Recently, we have run into the problem of trying to determine the optimal path to take when planning for a multiple destinations trip. It is the kind of problem that we face quite frequently in our everyday life, such as planning a holiday trip to various cities overseas; setting up business meetings with various people in different parts of the city; or delivering goods to different locations in a given area. The goal is to find the order of destinations to visit, which requires the least amount of effort (cost/distance/time) needed to spend on such trip. This is a classic example of a TSP, the Traveling Salesman Problem.
There is no “quick and easy” way to solve a TSP for large number of nodes, as it is a NP-Complete problem. Luckily for us, from a practical point of view, we are not trying to solve for large number of nodes. So here’s a few simple algorithms to get us what we need.
Brute Force
Algorithm: Calculate the distances between all nodes, then try all permutations to find the least effort path.

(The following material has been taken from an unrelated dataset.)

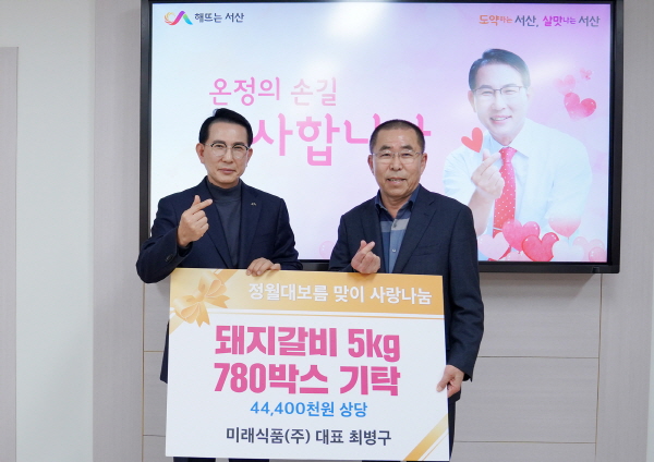 미래식품㈜에서 16일 정월대보름을 맞아 돼지갈비 780박스(4천400만 원 상당, 1박스당 5㎏)를 기탁했다.

Pros: Accurate, it’ll give the best path possible
Cons: Slow and very taxing, almost impossible to perform on large number nodes. O(n!)
Nearest Neighbor / Greedy
Algorithm: Pick a starting node, then find the effort require to get to all other nodes, pick the least effort node and continue. Repeat until the last node is reached.

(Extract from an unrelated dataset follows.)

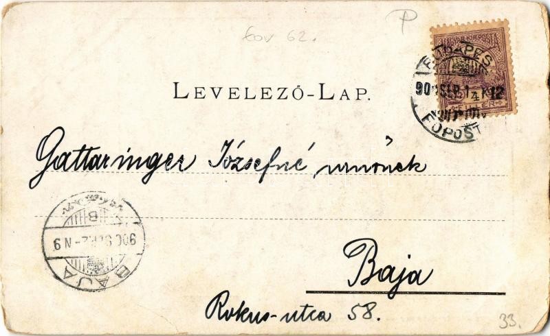 Beschreibung: 1900 Budapest V. Ferenc József rakpart, gőzhajók. Kiadja Rudas Gusztáv (kopott sarkak / worn corners)

Pros: Fast. For n nodes, only need to calculate (n+1)*(n/2) distances, doesn’t require a pre-calculated matrix of distances.
Cons: Not always accurate, as near by nodes will “lure” the path away, often leaving a few nodes here and there that need to be “picked up” again at the end.
Node Adding
Algorithm: Pick a starting node and an ending node (or 3 nodes for a round trip route), pick a new node and insert it into the existing path at a position that will give the least amount of increase of effort.
Pros: Should gives better result as each new node should be in its correct position. Only need to calculate (n-1)*(n/2) distances.
Cons: Existing nodes may not be in their best position after new nodes are added.
There are more advance algorithms out there, such as Genetic, Ant Colony, etc, that would produce much better result. Also, adding backtracking or reordering existing paths could also give improvements. However, depending on the scenario/reason you want to perform this task for, as well as the available processing power and timeframe you have to do the calculations, it may or may not be practical or worthwhile to do so.
But of course, as an inquisitive programmer/problem solver, one would ignore practicality to find the optimal solution, just for kicks.

Steven Mak
October 27th, 2008 at 5:28 am
2 things you may want to consider:
1) Optical Computing
http://www.opticsinfobase.org/DirectPDFAccess/3E0D3626-BDB9-137E-C34A708B23871C4B_140598.pdf?da=1&id=140598&seq=0&CFID=18786181&CFTOKEN=26893314
Although it still seems too early for now
2) Approximation Algorithm
As it is approximate, so it’s never accurate, but speeds up as accuracy gets lower
Rex
October 28th, 2008 at 9:31 am
You need to consider the shortest path between each point as well? Not just the geocode distances but the actual street distances…
Leon Ho
November 19th, 2008 at 6:26 am
@Rex: Yes. We are looking for ways to do that.